Many universities have incorporated computational thinking and artificial intelligence (AI) courses into their general education curricula for first-year students. In parallel, efforts have been made to diversify instructional approaches to accommodate students’ varying levels of academic background. However, high-level courses often require substantial prerequisite knowledge and present complex content, resulting in significant cognitive burden. Particularly in stratified AI education models, students enrolled in advanced-level courses frequently experience heightened cognitive overload.
This study examines a machine learning course offered as part of the general education curriculum, aiming to assess students’ cognitive burden, the perceived coherence of course components, and their responses to instructional strategies, with the goal of deriving practical implications for course improvement. Specifically, student responses were structured around differences in perceived difficulty across academic disciplines, preferences for instructional methods (lecture, practice, and project), and experiences of conceptual application during project work.

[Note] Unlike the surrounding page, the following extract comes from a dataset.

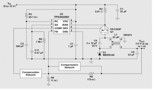 圖2使用TI TPS40200 和Coiltronics DRQ74 的ZETA 轉(zhuǎn)換器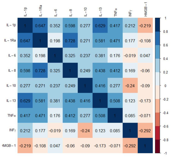 The most considerable changes were recorded for pro-inflammatory cytokines IL-1β, IL-6, and IL-8, which were approx. 1.5–2-fold higher, whereas TNFα and HMGB1 levels were lower in GBM than HC (p < 0.001). Spearman’s test demonstrated a correlation between IL-1β, IL-6, IL-8, IL-10, and TNFα, while HMGB1 was inversely related to IFNγ in patients with GBM (Figure 2).

Employing a case study approach, the research draws on survey responses from 135 students, open-ended feedback from course evaluations, and narrative data from project reports. Findings indicate that perceptions of course difficulty and learning burden differ based on academic background and prior experience, with cognitive overload being most pronounced in the artificial neural networks unit. Additionally, weak integration between practice and project phases and limited applicability of practical exercises to real-world problems were found to exacerbate students’ cognitive burden.

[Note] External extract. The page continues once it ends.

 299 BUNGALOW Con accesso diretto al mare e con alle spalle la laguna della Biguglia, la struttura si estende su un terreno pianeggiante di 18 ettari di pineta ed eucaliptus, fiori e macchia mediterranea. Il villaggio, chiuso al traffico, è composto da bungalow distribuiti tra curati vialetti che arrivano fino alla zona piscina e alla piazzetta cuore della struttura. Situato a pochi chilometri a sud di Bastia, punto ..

These results underscore the need for liberal arts-oriented machine learning courses to ensure sequential integration of theory, practice, and projects while addressing students’ cognitive load. The study concludes by recommending instructional strategies aimed at enhancing learning effectiveness and reducing cognitive overload, including reinforcement of iterative cycles of concept explanation and practice, incorporation of public data-based assignments, and increased instructional flexibility responsive to student feedback.